BEGIN Record set
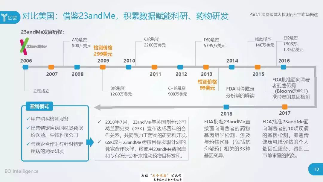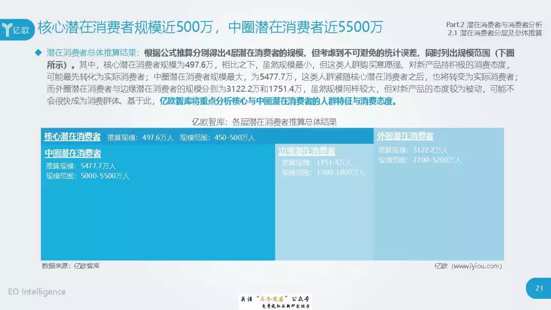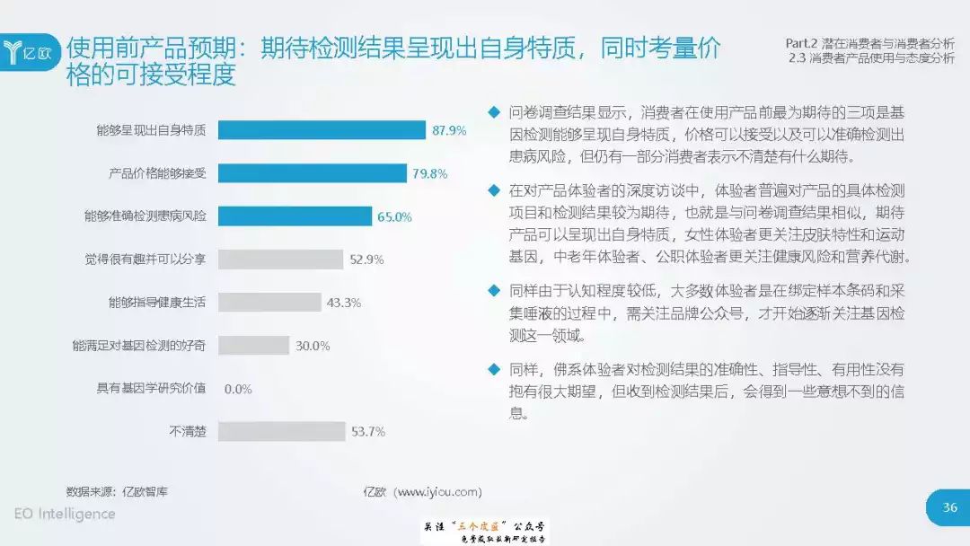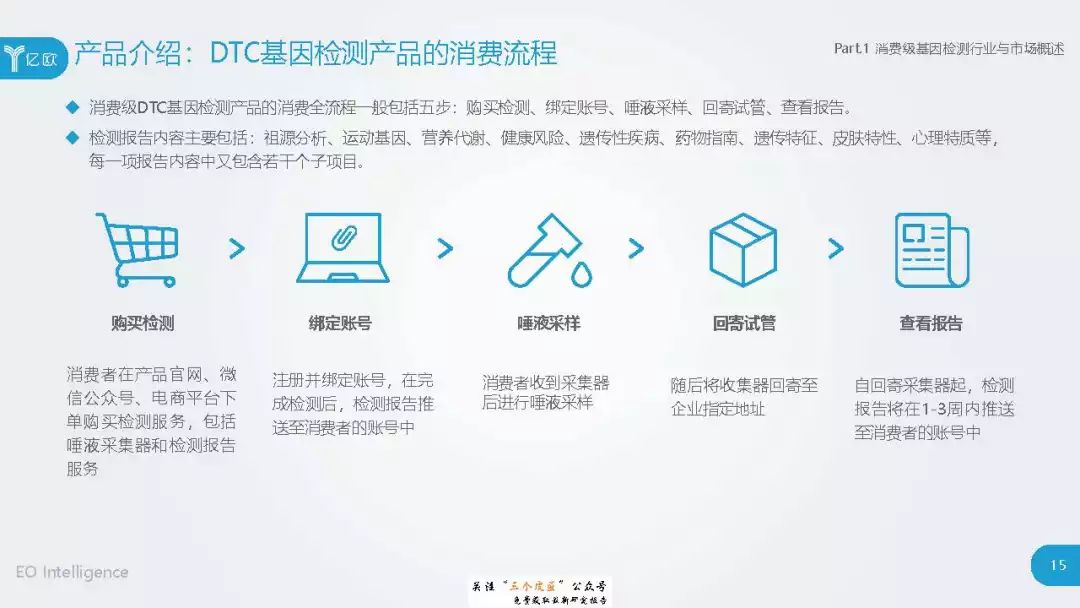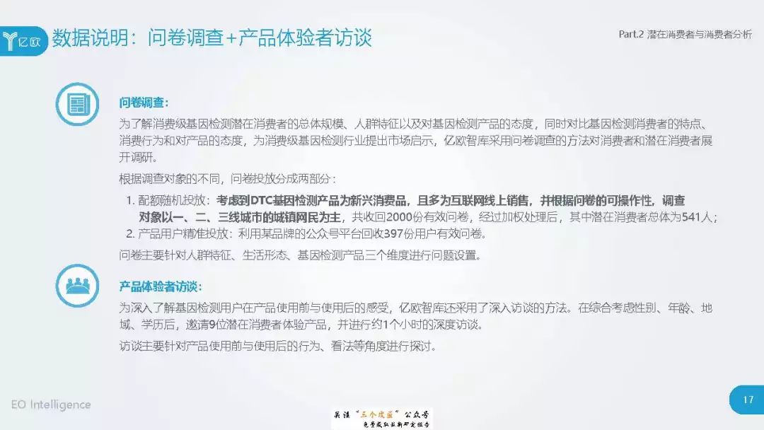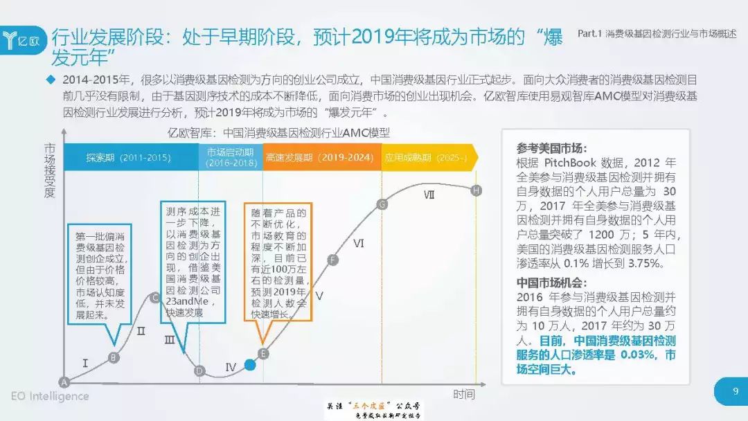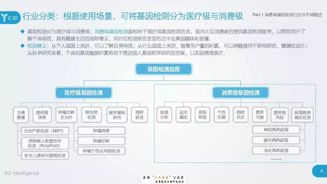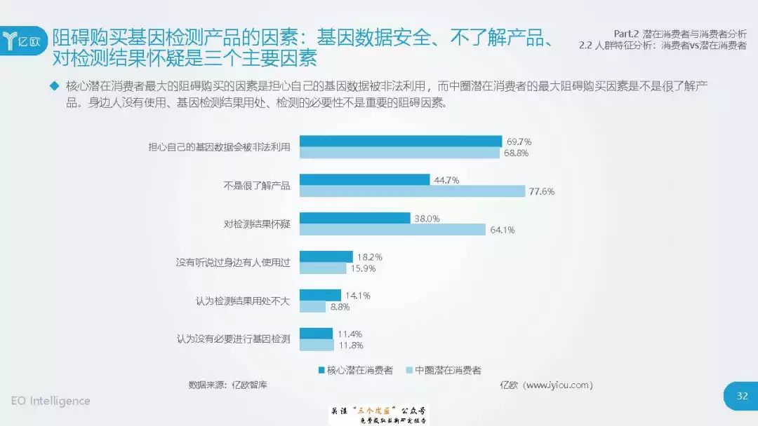 ◆ 潜在消费者界定与分层:消费级基因检测的潜在消费者是对基因检测具有认知度,购买意愿较高,对新产品具有敏感性的人群。根据基因检测认知程度、产品购买意愿、新科技产品消费态度三个维度分成核心潜在消费者、中圈潜在消费者、外圈潜在消费者、边缘潜在消费者4类人群。 ◆ 潜在消费者总体推算:根据公式推算分别得出4层潜在消费者的规模。亿欧智库认为,核心和中圈潜在消费者可能最先转化为实际消费者,因此将重点分析的核心与中圈潜在消费者的人群特征与消费态度(中图)。 ◆ 未来市场预测:未来五年内中国消费级基因检测市场将迎来指数型高速增长期。预计2019年消费者规模达到350万以上,2022年消费者规模将超过5500万,即全部的核心潜在消费者和约90%的中圈潜在消费者将转化为实际消费者。 ◆ 行业发展预测:数据质量是企业的核心壁垒,也会成为企业的分水岭,预计未来五年行业面临洗牌。借鉴美国FDA,预计中国也会在不久的将来建立消费级基因检测的行业标准与监管政策。 |
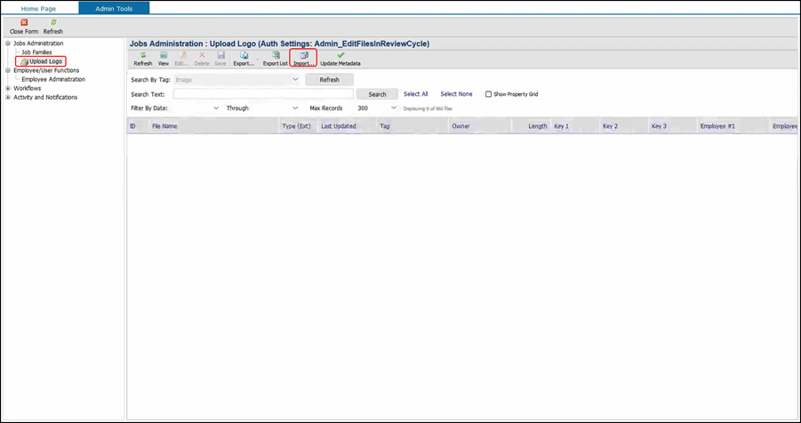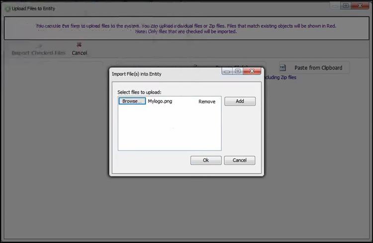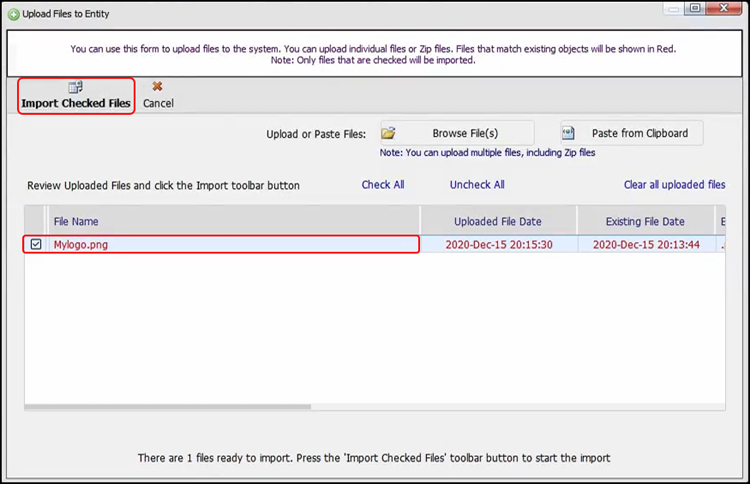 When you see MyLogo.png, click OK. Your file will be highlighted in red, because this is overwriting the existing file already in JDX. This is the recommended behavior. You will want to replace the MyLogo.png that is already in the system and then click on Import Checked Files.
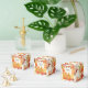 Unas elegantes cajas de regalo florales de otoño para agradecer a sus invitados. Lleno de naranjas y amarillos con algo de verde.
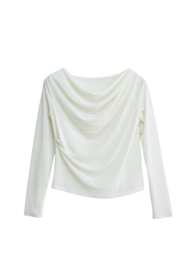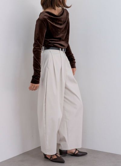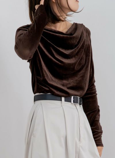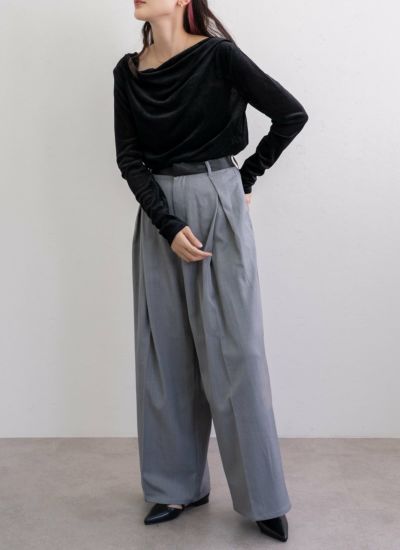 revoam【光を柔らかく受けるシアーベロアが、上品なドレープを演出するトップス】 シアーベロアドレーププルオーバー
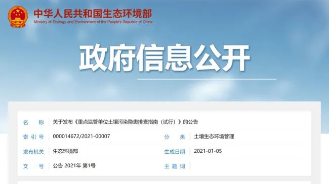 《重點監管單位土(tǔ)壤污染隐患排查指♥>☆南(nán)(試行(xíng))》正式發布實施
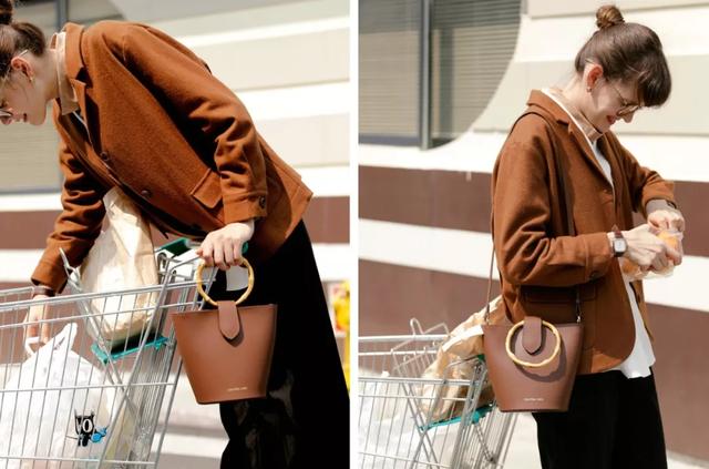 这个“竹篮子”也很值得。竹圈+复古牛皮是大品牌常见的设计。包包可以单肩手提,实用性很强。
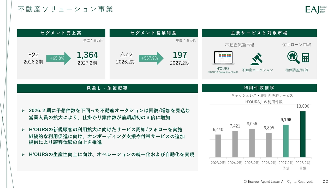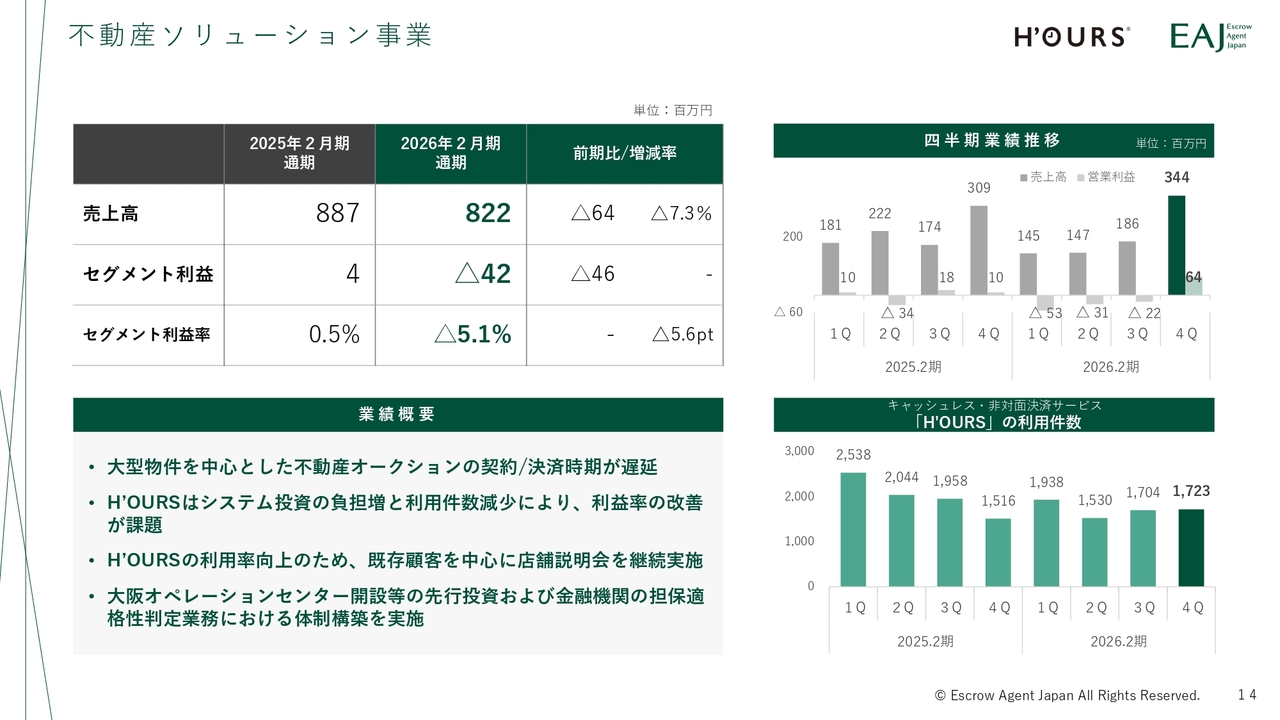 不動産ソリューション事業についてです。売上高は8億2,200万円、セグメント利益はマイナス4,200万円となり、減収減益となりました。不動産オークションの遅延に加え、「H'OURS(アワーズ)」における新システムに係る投資負担や利用件数の一時的な減少が影響しました。
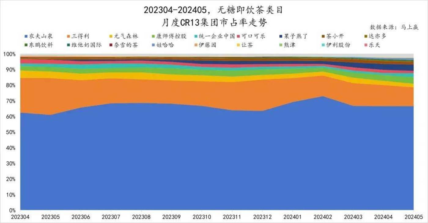 缺失的时间让康师傅的市场份额处于弱势。据马上赢数据,2024 年 4-5 月,农夫山泉和三得利的无糖即饮茶类目市场份额合计超过 75%,而农夫山泉所占份额就超过了 50%。
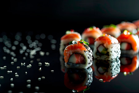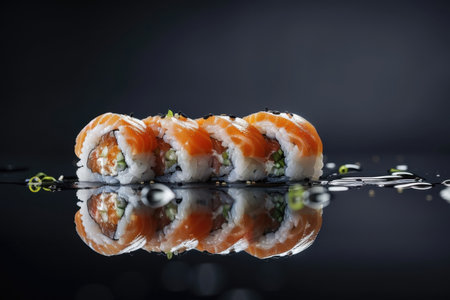 Close-up of four salmon sushi rolls with reflections on a black surface.
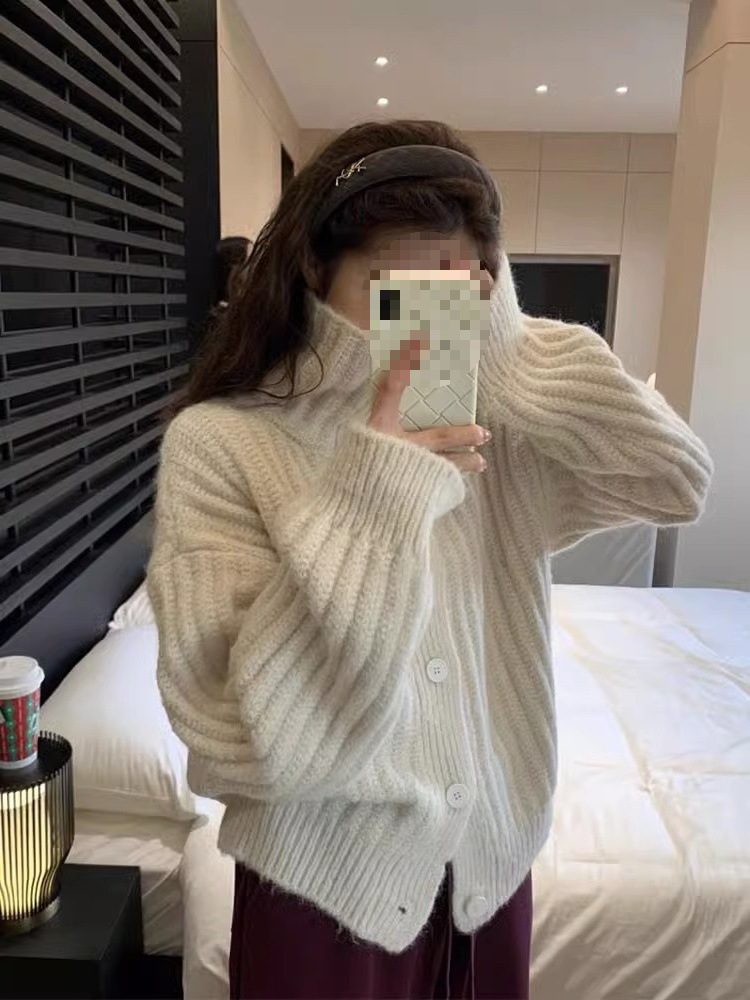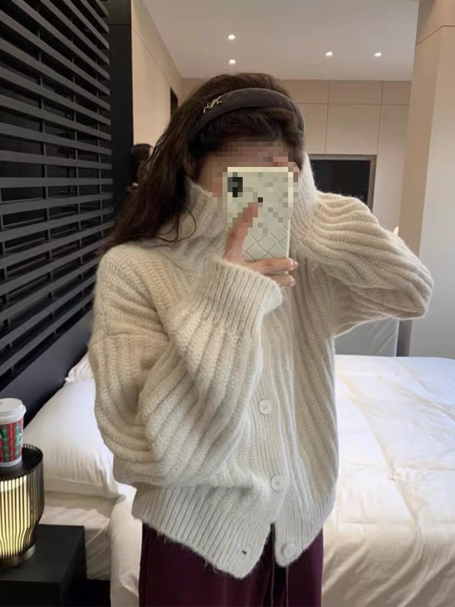 부드럽고 여유로운 스타일의 두꺼운 하이넥 가디건 여성용 가을 겨울 신상 루즈핏 골지 니트 상의스토어 가기
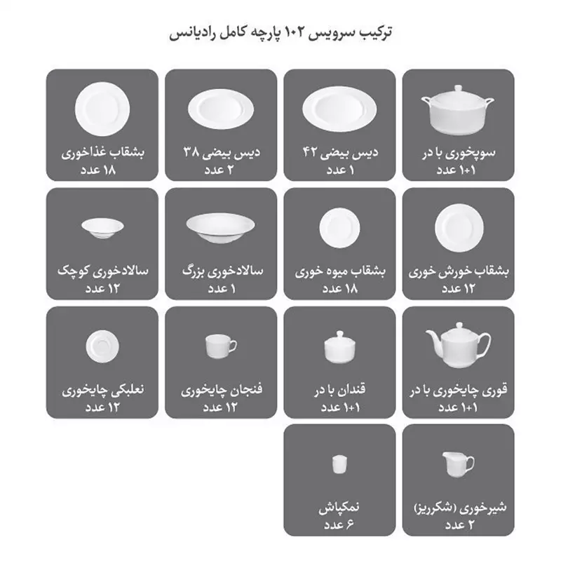 سرویس چینی زرین مدل رادیانس کلودیا طلایی – ۱۲ نفره، ۱۰۲ پارچه
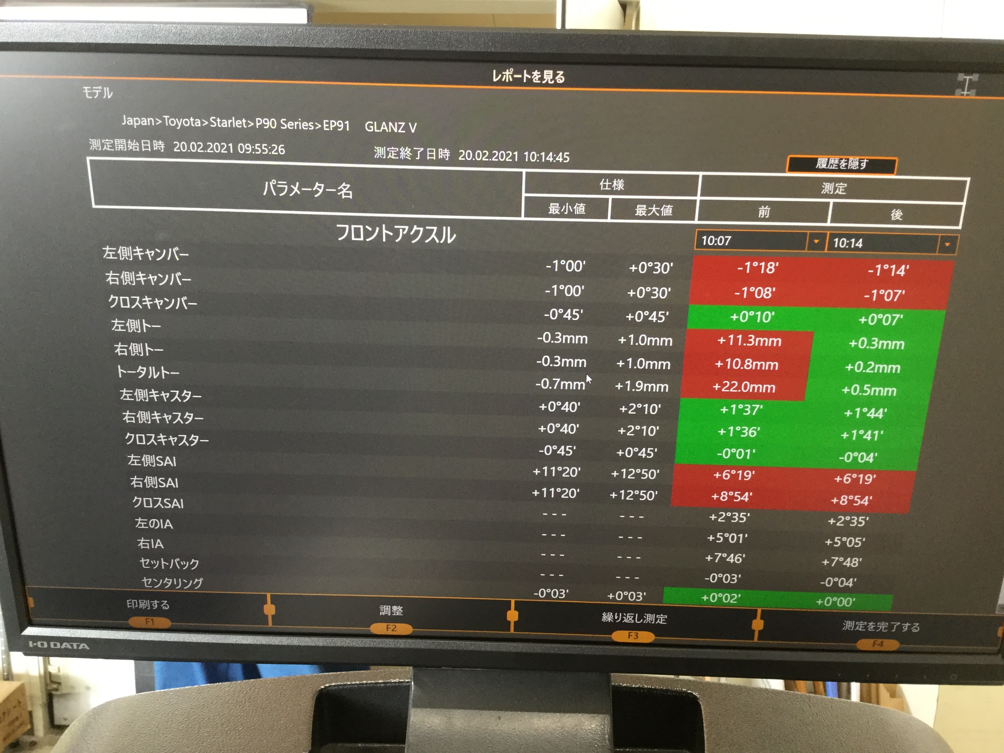 測定した結果、フロントがかなりトーインになっていたので基準値に調整・・・
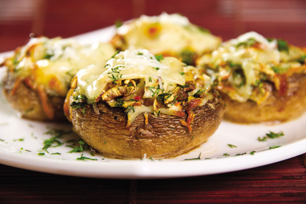 Opranim pečurkama pažljivo uklonite drške. Propržite ih na belom luku i ostavite da se ohlade, pa dodajte krem-sir, parmezan, peršun, malo mlevene paprike, so, biber. Filom punite pečurke, odozgo stavite komadiće trapista, poređajte ih u tepsiju, na papir za pečenje. Pecite ih oko 25 minuta na 200 stepeni.
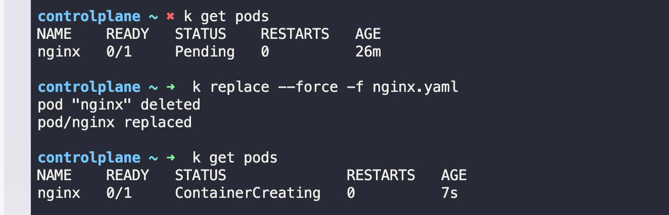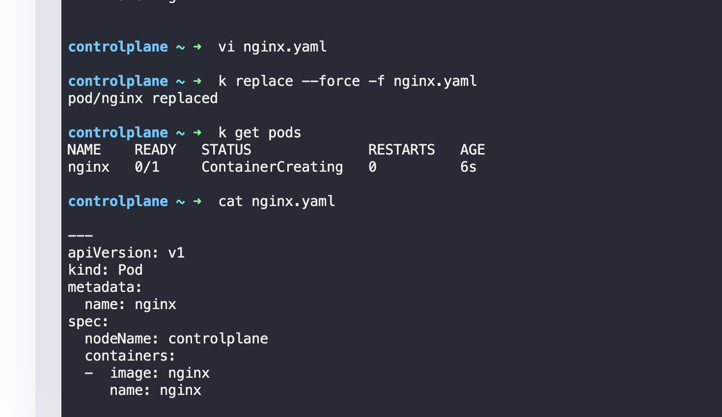 controlplane ~ ➜ k replace --force -f nginx.yaml
END Record set
The entries should be reproduced word for word, pictures omitted.

Response box >>
 ◆ 潜在消费者界定与分层:消费级基因检测的潜在消费者是对基因检测具有认知度,购买意愿较高,对新产品具有敏感性的人群。根据基因检测认知程度、产品购买意愿、新科技产品消费态度三个维度分成核心潜在消费者、中圈潜在消费者、外圈潜在消费者、边缘潜在消费者4类人群。 ◆ 潜在消费者总体推算:根据公式推算分别得出4层潜在消费者的规模。亿欧智库认为,核心和中圈潜在消费者可能最先转化为实际消费者,因此将重点分析的核心与中圈潜在消费者的人群特征与消费态度(中图)。 ◆ 未来市场预测:未来五年内中国消费级基因检测市场将迎来指数型高速增长期。预计2019年消费者规模达到350万以上,2022年消费者规模将超过5500万,即全部的核心潜在消费者和约90%的中圈潜在消费者将转化为实际消费者。 ◆ 行业发展预测:数据质量是企业的核心壁垒,也会成为企业的分水岭,预计未来五年行业面临洗牌。借鉴美国FDA,预计中国也会在不久的将来建立消费级基因检测的行业标准与监管政策。 |
 When you see MyLogo.png, click OK. Your file will be highlighted in red, because this is overwriting the existing file already in JDX. This is the recommended behavior. You will want to replace the MyLogo.png that is already in the system and then click on Import Checked Files.
 Unas elegantes cajas de regalo florales de otoño para agradecer a sus invitados. Lleno de naranjas y amarillos con algo de verde.
 revoam【光を柔らかく受けるシアーベロアが、上品なドレープを演出するトップス】 シアーベロアドレーププルオーバー
 《重點監管單位土(tǔ)壤污染隐患排查指♥>☆南(nán)(試行(xíng))》正式發布實施
 这个“竹篮子”也很值得。竹圈+复古牛皮是大品牌常见的设计。包包可以单肩手提,实用性很强。
 不動産ソリューション事業についてです。売上高は8億2,200万円、セグメント利益はマイナス4,200万円となり、減収減益となりました。不動産オークションの遅延に加え、「H'OURS(アワーズ)」における新システムに係る投資負担や利用件数の一時的な減少が影響しました。
 缺失的时间让康师傅的市场份额处于弱势。据马上赢数据,2024 年 4-5 月,农夫山泉和三得利的无糖即饮茶类目市场份额合计超过 75%,而农夫山泉所占份额就超过了 50%。
 Close-up of four salmon sushi rolls with reflections on a black surface.
 부드럽고 여유로운 스타일의 두꺼운 하이넥 가디건 여성용 가을 겨울 신상 루즈핏 골지 니트 상의스토어 가기
 سرویس چینی زرین مدل رادیانس کلودیا طلایی – ۱۲ نفره، ۱۰۲ پارچه
 測定した結果、フロントがかなりトーインになっていたので基準値に調整・・・
 Opranim pečurkama pažljivo uklonite drške. Propržite ih na belom luku i ostavite da se ohlade, pa dodajte krem-sir, parmezan, peršun, malo mlevene paprike, so, biber. Filom punite pečurke, odozgo stavite komadiće trapista, poređajte ih u tepsiju, na papir za pečenje. Pecite ih oko 25 minuta na 200 stepeni.
 controlplane ~ ➜ k replace --force -f nginx.yaml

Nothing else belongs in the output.